(Stored entries)

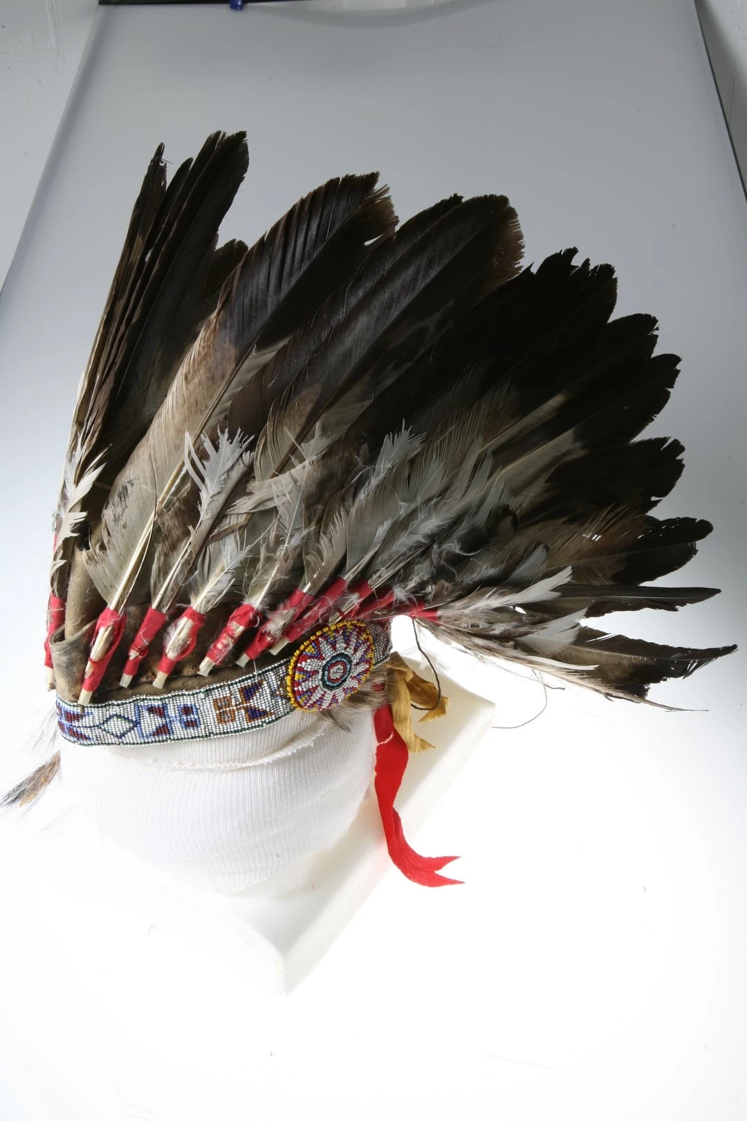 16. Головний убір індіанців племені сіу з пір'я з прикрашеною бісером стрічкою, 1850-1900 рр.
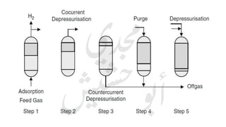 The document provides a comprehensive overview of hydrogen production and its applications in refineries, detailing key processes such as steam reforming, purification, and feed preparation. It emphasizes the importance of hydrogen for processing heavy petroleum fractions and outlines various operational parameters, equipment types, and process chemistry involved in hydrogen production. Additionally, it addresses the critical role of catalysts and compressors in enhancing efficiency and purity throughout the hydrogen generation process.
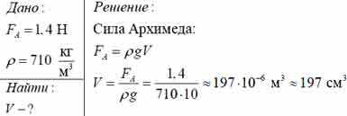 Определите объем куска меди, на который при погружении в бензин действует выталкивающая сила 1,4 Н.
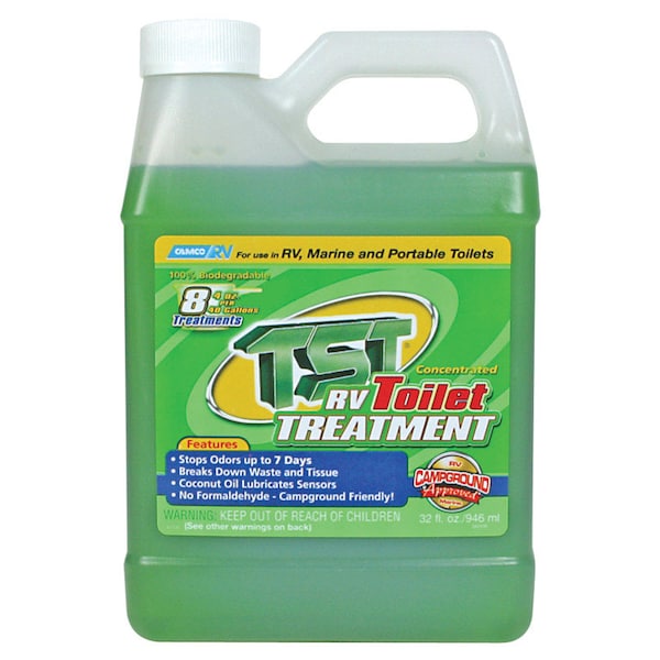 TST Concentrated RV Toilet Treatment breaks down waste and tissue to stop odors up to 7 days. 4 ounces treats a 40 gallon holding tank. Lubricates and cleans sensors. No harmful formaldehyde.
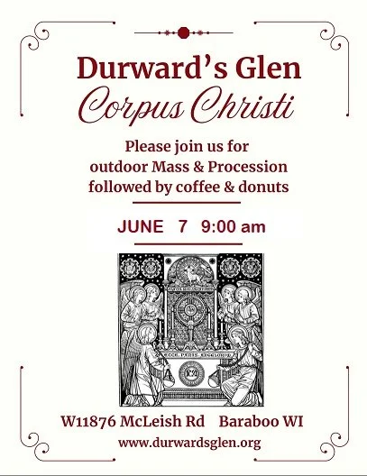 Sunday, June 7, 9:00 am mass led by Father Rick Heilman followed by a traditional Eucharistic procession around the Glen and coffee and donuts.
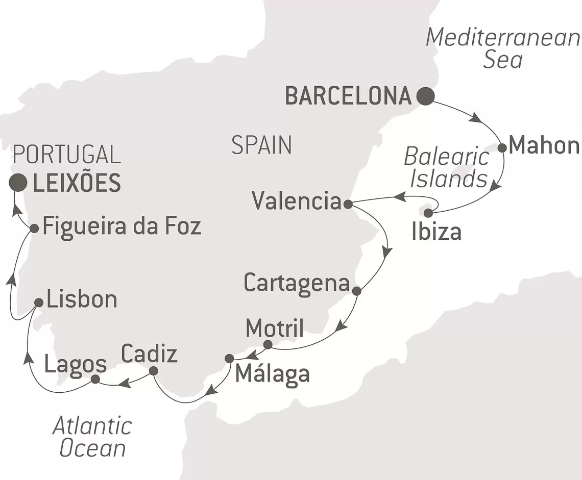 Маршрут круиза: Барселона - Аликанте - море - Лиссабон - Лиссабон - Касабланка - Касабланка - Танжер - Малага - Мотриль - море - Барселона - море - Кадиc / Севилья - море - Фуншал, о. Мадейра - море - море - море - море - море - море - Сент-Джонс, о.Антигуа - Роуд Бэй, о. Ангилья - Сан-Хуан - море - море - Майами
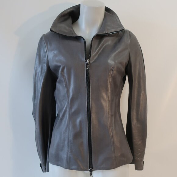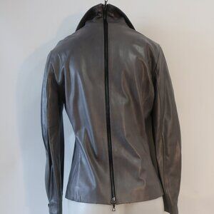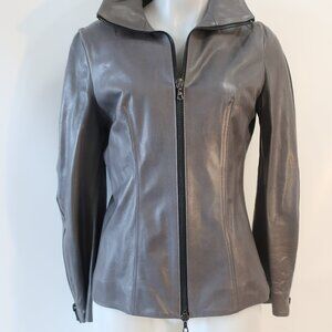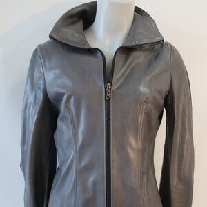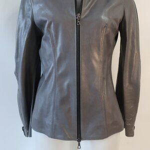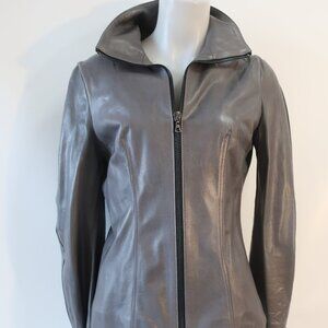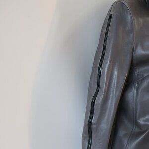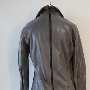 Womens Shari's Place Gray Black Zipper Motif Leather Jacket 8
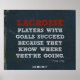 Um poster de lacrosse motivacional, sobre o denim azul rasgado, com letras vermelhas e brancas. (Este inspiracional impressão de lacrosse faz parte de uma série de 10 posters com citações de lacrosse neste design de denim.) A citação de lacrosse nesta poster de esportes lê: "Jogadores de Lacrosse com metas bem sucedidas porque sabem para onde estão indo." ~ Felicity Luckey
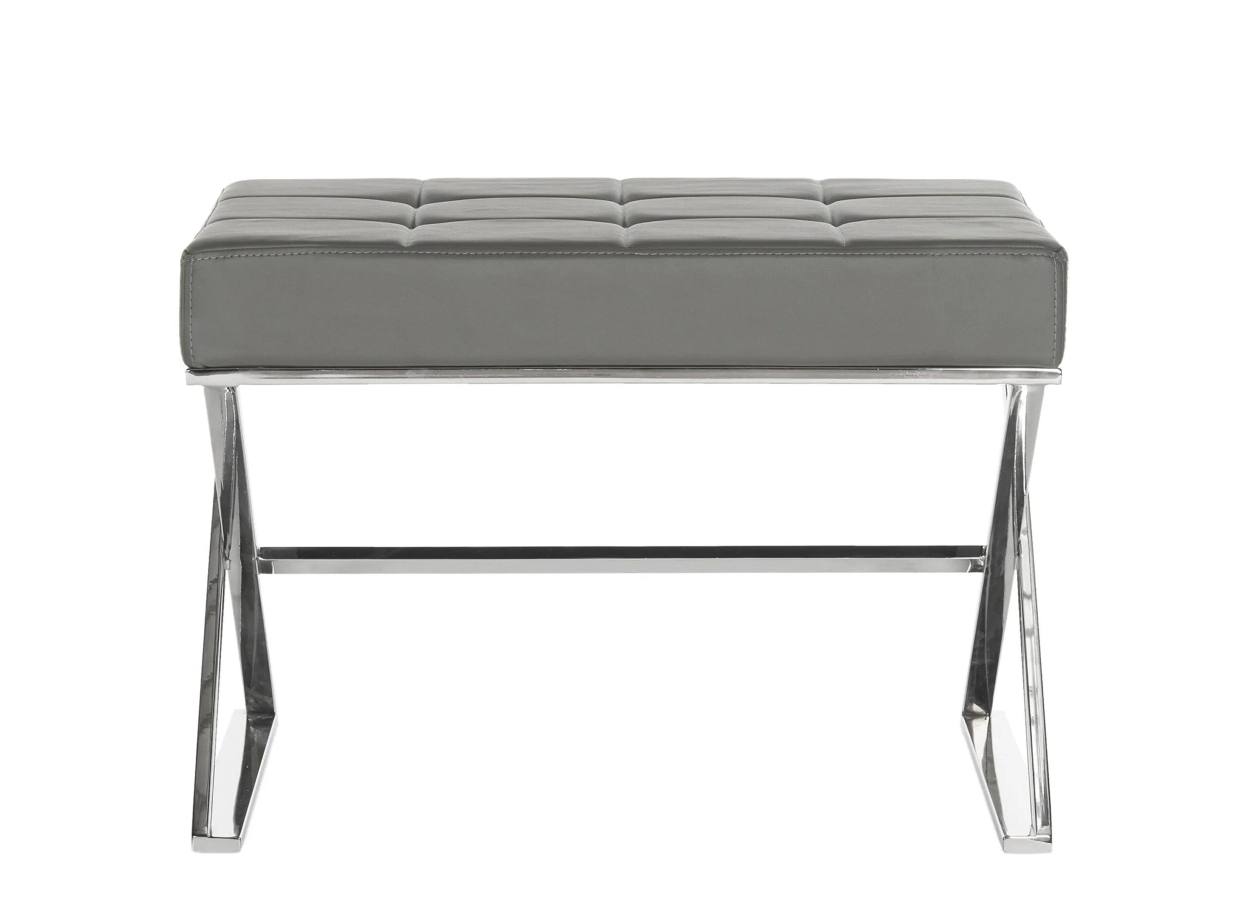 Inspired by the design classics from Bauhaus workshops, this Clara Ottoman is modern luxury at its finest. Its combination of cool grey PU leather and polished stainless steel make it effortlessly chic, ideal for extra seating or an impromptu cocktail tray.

Exercise ▸
Set down, exactly as written, each line from the one that contains "Womens Shari's Place" to the last line of the records, but none of the pictures.

Exercise solution ▸
 Womens Shari's Place Gray Black Zipper Motif Leather Jacket 8
 Um poster de lacrosse motivacional, sobre o denim azul rasgado, com letras vermelhas e brancas. (Este inspiracional impressão de lacrosse faz parte de uma série de 10 posters com citações de lacrosse neste design de denim.) A citação de lacrosse nesta poster de esportes lê: "Jogadores de Lacrosse com metas bem sucedidas porque sabem para onde estão indo." ~ Felicity Luckey
 Inspired by the design classics from Bauhaus workshops, this Clara Ottoman is modern luxury at its finest. Its combination of cool grey PU leather and polished stainless steel make it effortlessly chic, ideal for extra seating or an impromptu cocktail tray.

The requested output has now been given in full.